# Illustrator Help!



## Wildhare (Oct 12, 2005)

I can create items in Illustrator 11.0.0 and they are CENTERED and ready to go.  Yet once I transfer that item over to a PDF, BMP, TIFF or any other document to print it shifts OFF Center and places it in a totally different place on the page/document.

For Example this document was perfect viewing in Illustrator. 





 If I printed from Illustrator "fit to page" it comes perfectly centered.  If I chose: "do not scale" it's off center.
When I save or export to a different document it's off center/shifted.

When I did a PDF today it increased the size of the document 2" in each direction.  What can I do to solve this problem.  It's so frustrating!!!!!!!!


----------



## Wildhare (Oct 13, 2005)

No one has any answers or ideas at all?


----------



## Robn Kester (Oct 13, 2005)

THe off center stuff sounds like a print setup issue. What program are you printing from, and have you checked to see if it has a option to center the printed item on the page?

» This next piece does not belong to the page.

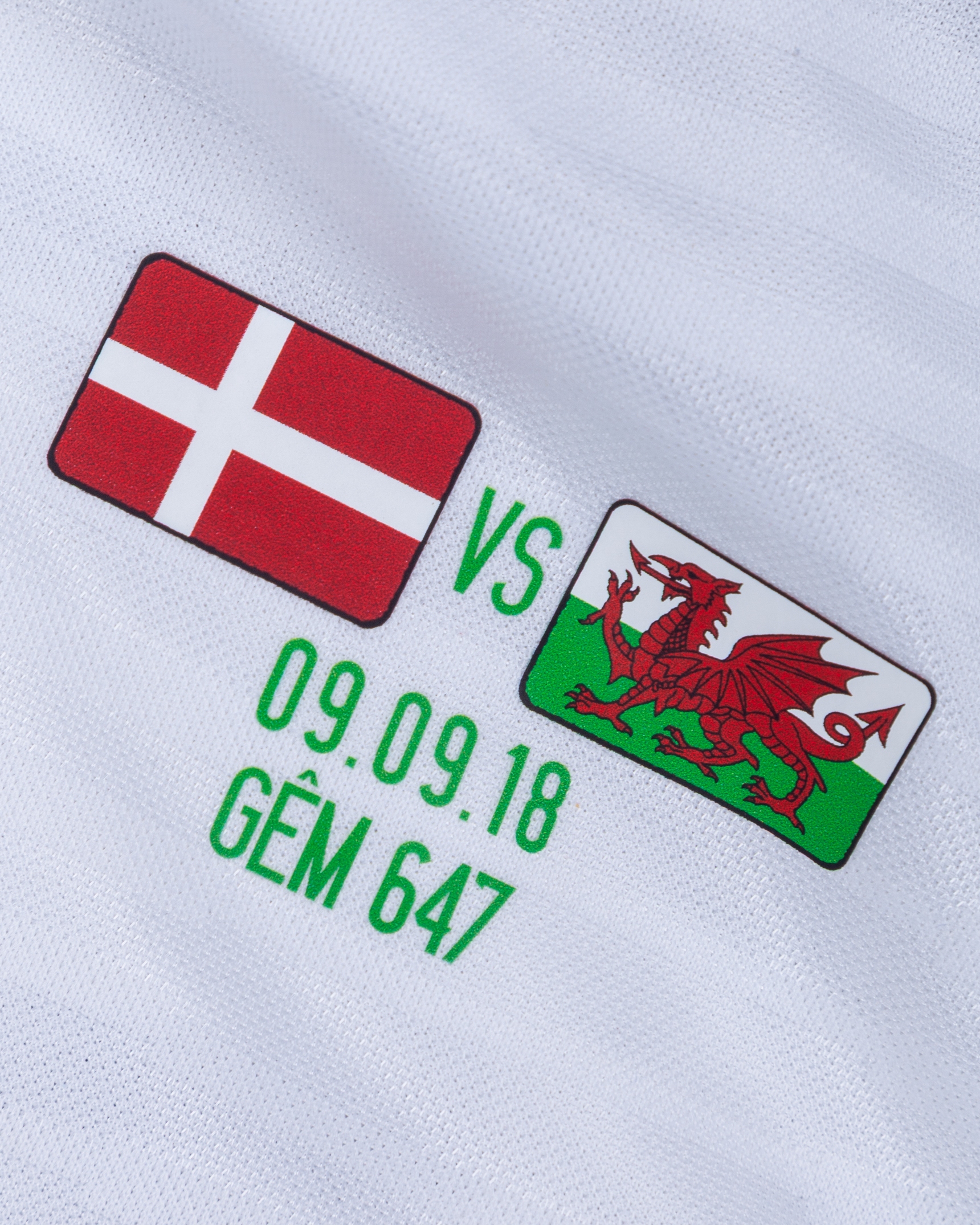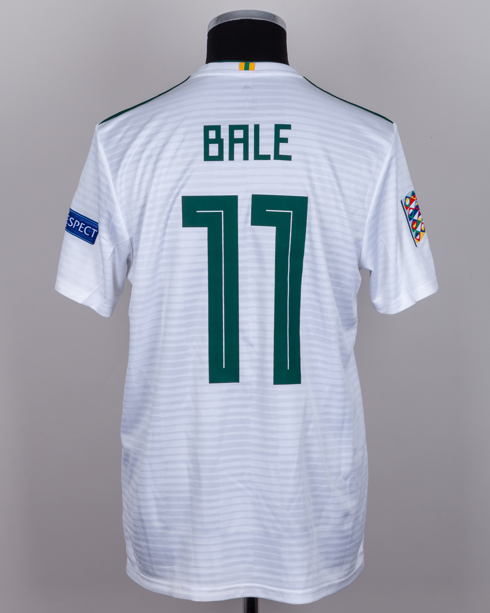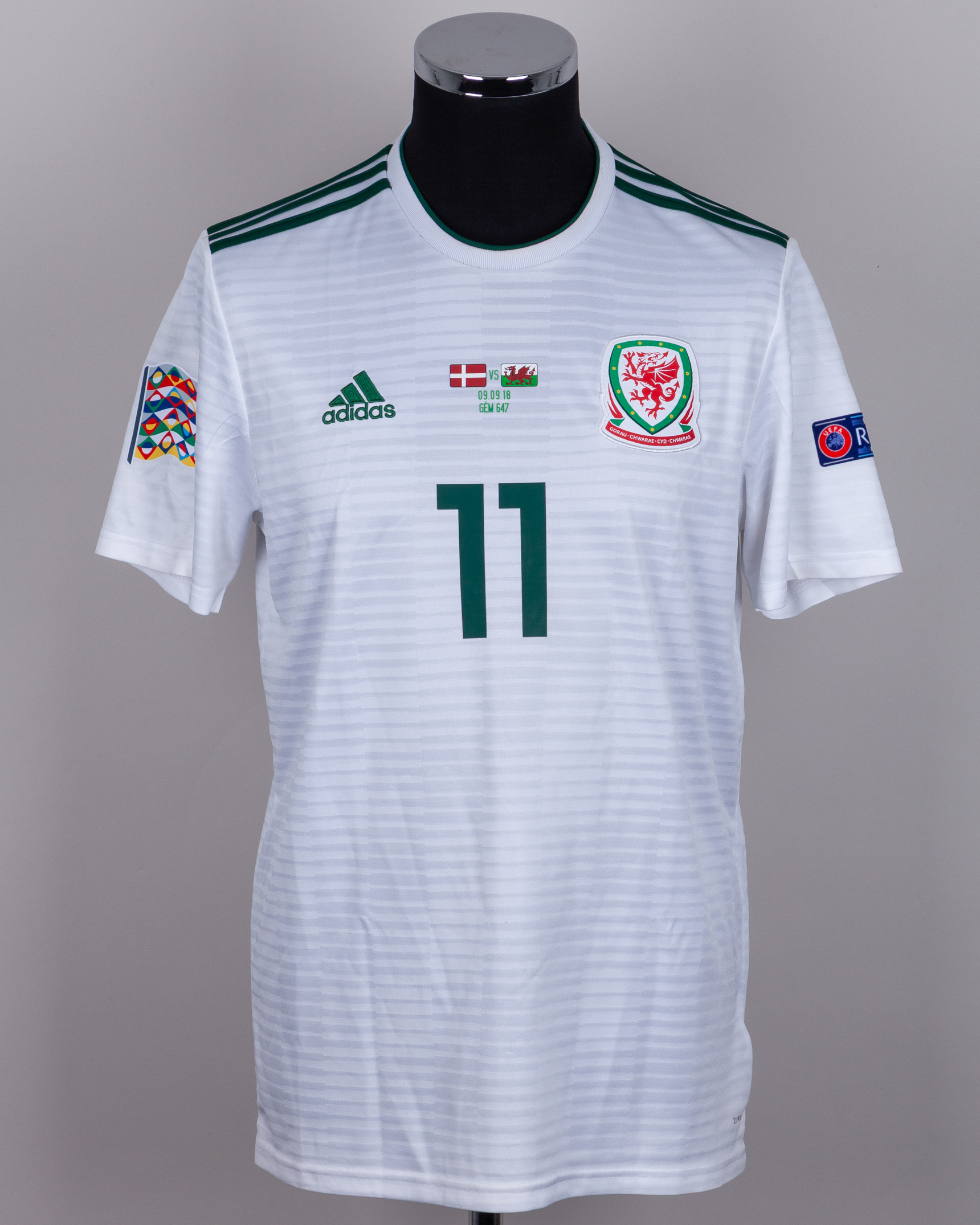 Gareth Bale white and green No.11 Wales v. Denmark short-sleeved shirt, 2018, Adidas, L, with crew-neck collar and embroidered cloth badge inscribed GORAU CHWARAE CYD CHWARAE, with Danish flag VS Welsh flag 09.09.18 GEM 647 decal, the reverse lettered BALE, the right sleeve with Nations League flash and the left sleeve with respect flash

When you printed the PDF, its possible (if using Acrobat Reader) that you had the option to resize the page to fit turned on. I'm not in front of my mac right now to verify locations of settings.

Give a little more detail and we will help how we can.

r


----------



## Natobasso (Oct 13, 2005)

Go to the "hand tool" in your tools pallette and select the OTHER tool there called the Page Tool. Then grab the dotted lines on your page document (that's your printable area) and move them around. You'll see what will end up printing using that tool and you can manipulate it slightly.

However, you should be able to save as pdf and have illustrator save all the way to the outer boundaries of your artwork, just don't choose "Fit to Page". Sounds like  you're trying to do two things at once. Make your pdf whatever size your illustrator doc is, then worry about how you print it and how you size it (fit to page).


----------



## dzinehaus (Jan 13, 2006)

check your page setup settings and make sure that they are set to a correct size. a correct size meaning that if you are using 8.5"x11" paper, setup your page to be that size. then when back in the document check your page tiling and see if your document fits within the dotted lines of the page tiling.

if not, like Natobasso said, grab the other icon, that is found when clicking and holding the mouse button on the hand icon, and recenter your page. That icon resets your page tiling to wherever you put it on the page.

In simplest terms that is your printable area.

hope this helps


----------